Yeah, and I'm sure that is in the long-term plan for the image annotation project, but if we could get just simple descriptive images imbedded in the term page on the browser, it would clear up a lot of the complex plant anatomy terms rapidly.
Well, yes, let's call this a one-off. But for image annotations, we should revisit the work that has gone on with geospatial: https://github.com/geneontology/amigo/issues/341
reiterating @austinmeier comments of displaying line diagrams etc. for explaining the anatomy terms on term detail pages. I recommend moving it up the priority.
Or, for that matter, thinking about #421, if we had a field that was essentially an overlay catch-all, a multivalued field (e.g. auxiliary_overlays
) that could be loaded separately and incrementally, it could take a number of items to be render as needed.
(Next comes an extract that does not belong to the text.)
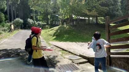 午前中、2つ目の活動はフライングディスクゴルフです。フリスビーを使ったゴルフで、何投でゴールまで行けるか競います。まっすぐ飛ばせるときもあれば、思いもよらぬ曲がり方をするときも。グループでいっしょに楽しむ姿が見られました。

Each value could be like:
{
"overlay": "auxiliary_external_reference_image",
"index": "PO:0022008",
"type": "image",
"content": "http://snazzy.uri/foo/png"
}
or
{
"overlay": "patter_description",
"index": "PO:0022008",
"type": "markdown",
"content": "*** bleh"
}
We'd like to have the ability to add annotated images that are displayable via the browser.
Discussion with @cmungall sounds like the ability to do something like a "gulp golr-load-image-annotations" where a tab delimited text file (format TBD) can be loaded into GOLR similar to how GAFs are done is the direction we'd like to head in.
Parts that I believe would need to be worked on include gulpfile changes to add the loading piece, actual code to load in GOLR, changes/addition to annotation pages in AmiGO to add the image type data, methods to display images (maybe carousel, maybe flat page with tables of images), probably other bits.
This is in conjunction with the image annotation work that @preecej is working on.
Also, time scale is pretty lax. Just creating the issue so that work/thoughts can get started and we can brainstorm on how this will work.